Non-Abelian Three-Loop Braiding Statistics for 3D Fermionic Topological Phases

TL;DR

This paper investigates novel non-Abelian three-loop braiding statistics in 3D fermionic topological phases, revealing new types exclusive to fermionic systems and providing a framework for classifying fermionic symmetry-protected topological phases.

Contribution

It introduces new non-Abelian three-loop braiding statistics unique to fermionic systems and offers a classification scheme for fermionic SPT phases with unitary symmetries.

Findings

Discovered new non-Abelian three-loop braiding statistics in fermionic systems.

Realized simple examples with gauge groups like Z2×Z8 and Z4×Z4.

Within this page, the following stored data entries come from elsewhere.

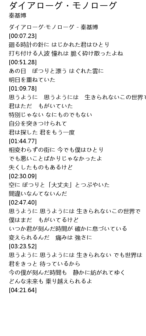 | [00:03.24] | ダイアローグ·モノローグ - 秦基博 |
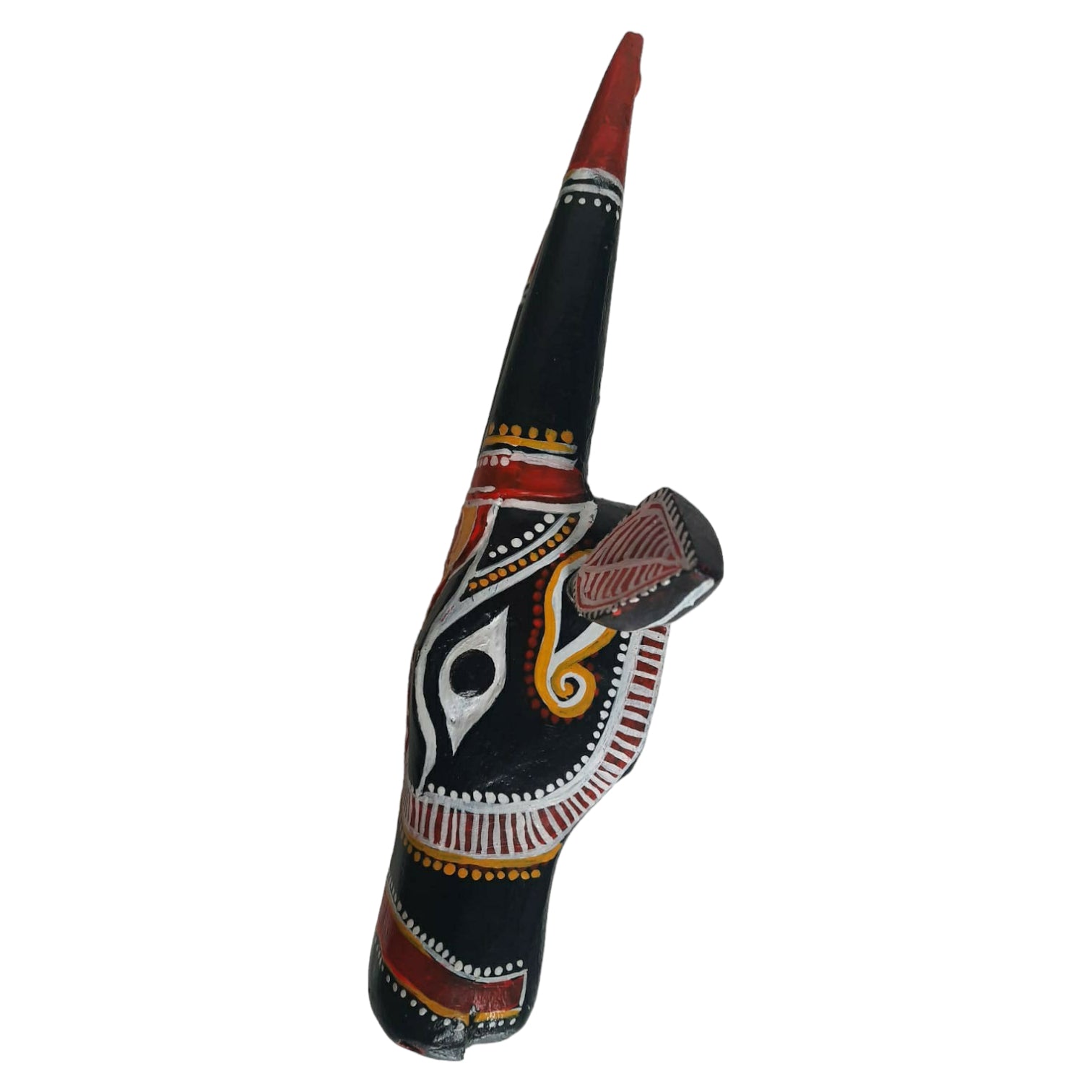 The Uttarakhand Apian Cow Head wall hanging is a unique and culturally rich artisanal piece, reflecting the traditional craftsmanship of the region. Handcrafted by skilled artisans in Uttarakhand, India, this exquisite wall decor features a meticulously detailed cow head, showcasing the sacred significance of the Apian breed in Hindu culture. The use of indigenous materials and vibrant colors adds to its charm, making it a distinctive and meaningful addition to any space, harmonizing tradition and artistry.
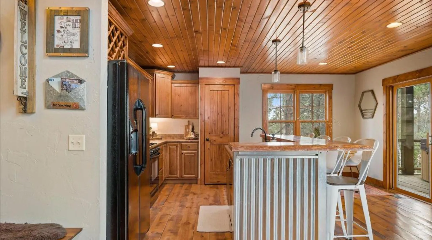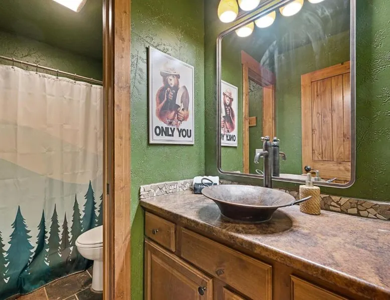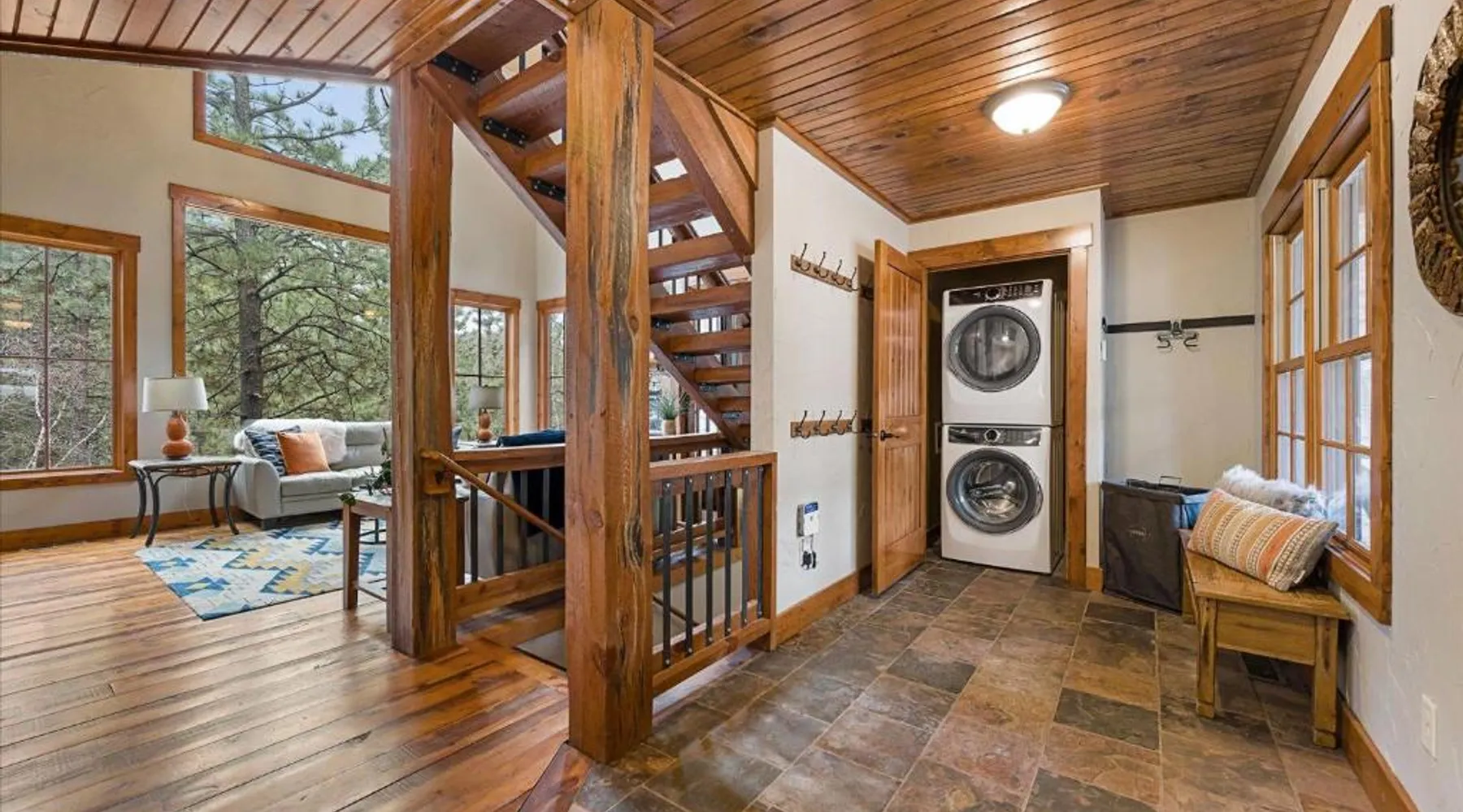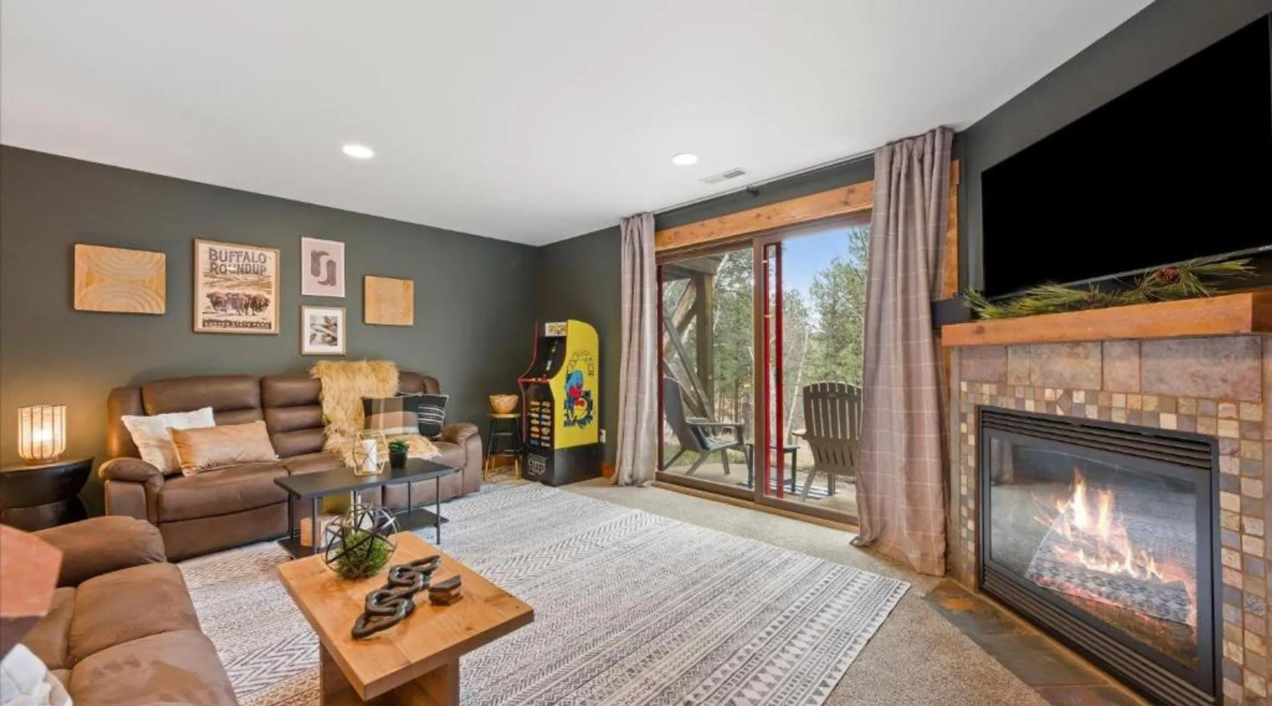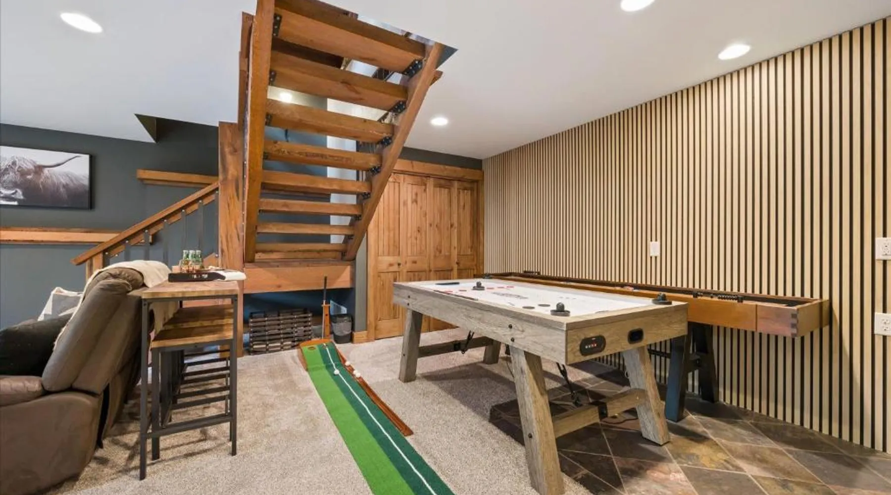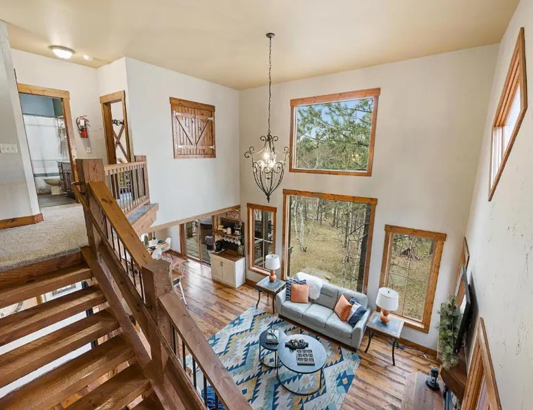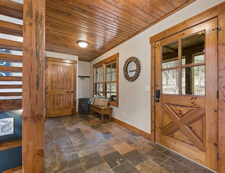 Spacious Accommodations: 7th Heaven Lodge in Lead offers a spacious holiday home with five bedrooms and three bathrooms. The living room features mountain views and a cozy fireplace, ensuring a comfortable stay. Relaxing Facilities: Guests can unwind in the sauna or hot tub, take a dip in the outdoor swimming pool, and stay connected with free WiFi. The property also includes a fully equipped kitchen, washing machine, and dishwasher. Local Attractions: Adams Museum is located 3.7 mi away, providing cultural activities. Rapid City Regional Airport is 56 mi from the lodge, facilitating convenient travel. Skiing enthusiasts can enjoy nearby slopes. The fireplace is a top feature of this holiday home. Boasting a private entrance, this air-conditioned holiday home includes 1 living room, 5 separate bedrooms and 3 bathrooms with a bath and a hairdryer. The well-fitted kitchen has a stovetop, a refrigerator, a dishwasher and kitchenware. The spacious holiday home offers a TV with cable channels, a washing machine, a dining area, heating as well as mountain views. The unit has 7 beds.
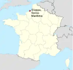 Dieppe, un oraș de coastă din departamentul francez Seine-Maritime, se întinde pe o faleză de-a lungul Canalului Mânecii. Râul Scie curge în vestul orașului și Râul Arques traversează Dieppe, după care se varsă într-un liman de dimensiuni medii. Germanii demolaseră până în 1942 mai multe clădiri din apropierea mării pentru a facilita apărarea după amplasarea a două baterii de artilerie la Berneval-le-Grand și Varengeville. Unul dintre motivele importante pentru alegerea orașului Dieppe era acela că se afla în raza de acțiune a avioanelor de vânătoare RAF.[8]
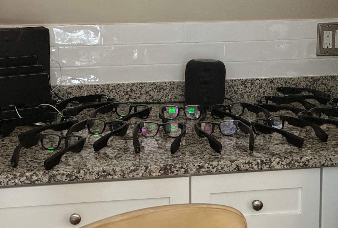 Until recently, Xander was being run out of a small third-floor apartment in Somerville, Massachusetts. Their “lab” was the back of the living room. Their test rig for new glasses was a ring of frames listening to NPR and podcasts for 12 hours at a time.
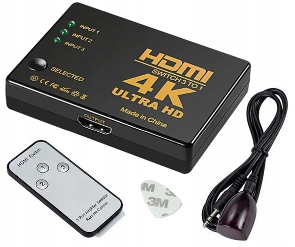 Современные модели телевизоров и мониторов оснащены портами HDMI, но очень часто их количество недостаточно для подключения всех необходимых устройств и аксессуаров. Полем Это позволяет подключать 3 устройства одновременно - вам не нужно отдохнуть кабель, чтобы подключить новое устройство. Вы постоянно подключаете 3 источника сигналов, , например, Ноутбук, DVD, декодер, консоль и т. Д., А затем с помощью пульта дистанционного управления (или переключения) вы переключаете, с какого устройства вы хотите посмотреть сигнал на телевизоре > В набор включен дистрибьютор, дистанционное управление дистанционным управлением, ИК -датчик, подключенный к коммутатору и USB -кабелю. Дополнительное гаджет, который облегчает использование, - это светодиоды, сигнализирующие с подключенным оборудованием
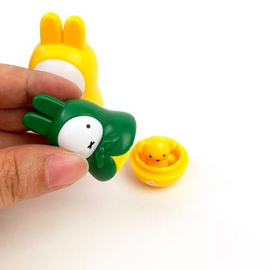 青い頭巾のミッフィーを開けると・・・予想通り♪黄色の頭巾の子が現れます。カラフルな原色は、見た目にも鮮やかで楽しい気分にさせてくれます。
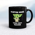 Personalised Yoda Best Teacher MugA novelty mug with a Yoda graphic and 'Yoda Best Teacher' in a star wars style font, personalised with a Teacher's name printed on both sides. Simple and straight...

Established correspondence between braiding statistics and FSPT phase classification.

Abstract

Fractional statistics is one of the most intriguing features of topological phases in 2D. In particular, the so-called non-Abelian statistics plays a crucial role towards realizing universal topological quantum computation. Recently, the study of topological phases has been extended to 3D and it has been proposed that loop-like extensive objects can also carry fractional statistics. In this work, we systematically study the so-called three-loop braiding statistics for loop-like excitations for 3D fermionic topological phases. Most surprisingly, we discovered new types of non-Abelian three-loop braiding statistics that can only be realized in fermionic systems (or equivalently bosonic systems with fermionic particles). The simplest example of such non-Abelian braiding statistics can be realized in interacting fermionic systems with a gauge group $\mathbb{Z}_2 \times \mathbb{Z}_8$ or $\mathbb{Z}_4 \times \mathbb{Z}_4$, and the physical origin of non-Abelian statistics can be viewed as attaching an open Majorana chain onto a pair of linked loops, which will naturally reduce to the well known Ising non-Abelian statistics via the standard dimension reduction scheme. Moreover, due to the correspondence between gauge theories with fermionic particles and classifying fermionic symmetry-protected topological (FSPT) phases with unitary symmetries, our study also give rise to an alternative way to classify FSPT phases with unitary symmetries. We further compare the classification results for FSPT phases with arbitrary Abelian total symmetry $G^f$ and find systematical agreement with previous studies using other methods. We believe that the proposed framework of understanding three-loop braiding statistics (including both Abelian and non-Abelian cases) in interacting fermion systems applies for generic fermonic topological phases in 3D.